The Republic SD-3 Snooper was an early reconnaissance drone developed by Republic Aviation for the United States Army. It was evaluated by the Army Signal Corps in 1959, but did not enter operational service.

==Design and development==
The Guided Missiles Division of Republic Aviation was awarded a contract for development of a short-range reconnaissance drone in 1957, winning a competition conducted by the U.S. Army to fill the requirement. Given the overall designation AN/USD-3 for the entire system, and sometimes referred to as Sky Spy, the Snooper was of twin-boom configuration, a single Continental IO-200 horizontally-opposed piston engine being mounted in a pusher configuration. The drone was capable of flying for up to 30 minutes, allowing it to overfly multiple reconnaissance targets during a single flight.

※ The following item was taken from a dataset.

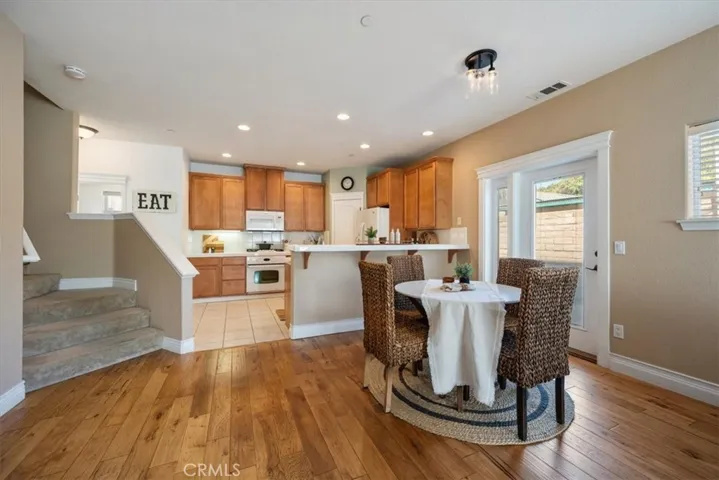 Tucked into the Spanish Oaks community just off South Elm Street, this two-story home offers a comfortable place to settle in while staying close to the heart of Arroyo Grande and just minutes from Pismo Beach. Inside, wood floors run through the living and dining areas, creating a warm space to gather and unwind. The living area flows easily into the kitchen, which offers generous counter space, bar seating, and a large pantry for added storage. A half bath is conveniently located on the main level, along with two patio doors leading to the backyard and side yard for easy indoor-outdoor living. Upstairs you’ll find the laundry room, two additional bedrooms, and a full hall bathroom, along with a spacious primary suite. The primary bedroom includes a large walk-in closet and a sliding door that opens to a deck overlooking a mature palm tree and welcoming the coastal breezes. The primary bathroom offers dual sinks, a soaking tub, and a separate shower. The yard is designed for easy maintenance with turf and patio space, ideal for enjoying the Central Coast’s mild weather. Located at the end of the street, the home also benefits from additional parking and includes a two-car garage. Start your next chapter in a home that puts the Central Coast lifestyle right at your doorstep!

Launch was from a zero-length launch setup, two rocket boosters burning solid fuel being used to assist the aircraft into flight; following a mission, which could either use autopilot control following a programmed course or radio command guidance from a ground station, the Snooper would land via parachute; airbags were installed in the airframe to cushion the landing. The SD-3's nose section was designed to be interchangeable among a number of payloads; options included television, aerial photography, infrared photography, or radar systems.

==Operational history==
Revealed to the press in late 1958, the SD-3 first flew in January 1959; following manufacturer's trials, the U.S. Army ordered fifty pre-production aircraft to conduct a full evaluation of the system. Although the trials, conducted by the Signal Corps, were considered successful, the Army cancelled the SD-3 program at the end of the trials. However, the SD-3's twin-boom pusher design would become commonly used by unmanned aerial vehicles in later years.